Renowned AI researcher Professor Kate Larson has won the Best Paper Award at the International Conference on Autonomous Agents and Multiagent Systems (AAMAS).
Established in 2002, AAMAS is the world’s leading conference for research in AI, autonomous agents and multiagent systems. Every year, it brings researchers and practitioners worldwide to discuss the latest developments in agent technology. This year’s conference took place in Detroit, Michigan, from May 19 to May 23, 2025.
Professor Larson, alongside her colleagues at Google DeepMind, University of Montreal, and Meta — Marc Lanctot, Michael Kaisers, Quentin Berthet, Ian Gemp, Manfred Diaz, Roberto-Rafael Maura-Rivero, Yoram Bachrach, Anna Koop and Doina Precup — were recognized for their research paper Soft Condorcet Optimization for Ranking of General Agents.
“What I liked about this work is that we are drawing on ideas from social choice theory, ranking, and optimization to create general-purpose, scalable and principled evaluation methods for AI systems and agents,” says Professor Larson.

Inspired by social choice theory, Professor Kate Larson co-created a scheme that can rank AI agents with high accuracy
Over the past decade, we have seen rapid leaps in AI’s ability to think, write, and reason. Google DeepMind’s AlphaGo defeated the world champion at Go, one of the hardest and most complex board games. Likewise, Google’s AlphaFold can accurately predict protein structures within minutes, when traditional methods would take years or even decades.
These advancements were driven by the creation of benchmarks that can train and compare AI agents. For example, ImageNet, a database that contained 14 million images, helped propel deep learning, particularly in object detection and image recognition.
Unfortunately, evaluating agents can be difficult because each agent’s performance can vary across tasks and benchmarks, or agents may be evaluated on different tasks. To help aggregate the agents’ results, researchers have created evaluation methods based on classical rating systems like Elo. However, Elo-based systems have a number of limitations. For example, a natural concept from social choice is something called a Condorcet winner. A Condorcet winner is an agent that, when compared to any other agent, is considered better. Elo-based systems can, and often do, ignore Condorcet winners when ranking agents, leading to unintuitive ranking choices.

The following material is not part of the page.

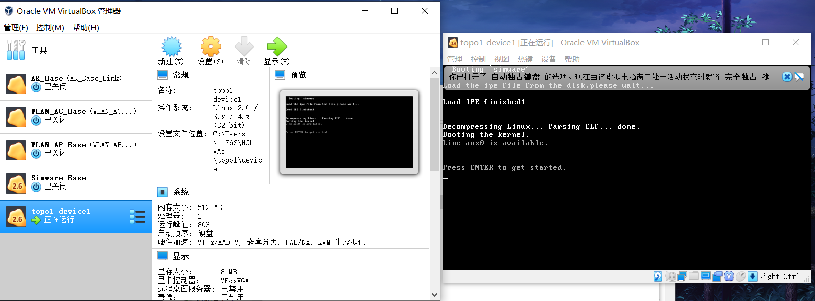 2、重装HCL和virtual-box,不使用中文路径或中文系统名。
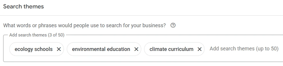 Los temas de búsqueda son temas generales relevantes para tu campaña. NO son palabras clave, pero están relacionados, y proporcionan orientación temática a la IA. Por ejemplo, si tienes en marcha una campaña de recursos de educación ambiental, tus temas de búsqueda podrían incluir: «escuelas de ecología», «educación ambiental» o «plan de estudios sobre el clima».

To address these problems, Professor Larson and her team developed a new ranking scheme inspired by social choice theory: a framework that explores how individual preferences can be combined to make collective decisions. Some real-life examples include voting systems and resource allocation.
In particular, they were influenced by earlier research that suggests using voting rules as maximum likelihood estimators, a technique that estimates the values of unknown parameters in a statistical model — which is key for incomplete datasets.
Their system, Soft Condorcet Optimization (SCO), will treat the evaluation data as “votes” and assign each agent a “score.” The latter acts as the model’s parameters. Then, it will compare if the “scores” match the “votes” by using a mathematical formula in the form of a differentiable loss function. Since this formula is differentiable, SCO can adjust the scores to minimize any discrepancies and misclassifications among the votes. Finally, SCO will conduct a final ranking by sorting the agents by their scores.
The team evaluated SCO with positive results. Compared to other classical voting and rating systems, SCO can effectively determine the Condorcet winner and boasts a low approximation error— even when more than half of the data is missing. Her team also investigated if SCO’s ranking can accurately predict human game outcomes, so they employed a held-out data set of over 31,000 diplomacy games that were played by around 53,000 players. Surprisingly, SCO’s ratings reached the optimal ranking better than the premier methods.
Overall, SCO can outperform state-of-the-art systems and provides an innovative and credible way to evaluate AI agents. With this new system, Professor Larson and her colleagues are helping researchers train the next wave of AI agents that could solve the world’s most pressing challenges.
The team’s research, Soft Condorcet Optimization for Ranking of General Agents, was published in the Proceedings of the 24th AAMAS.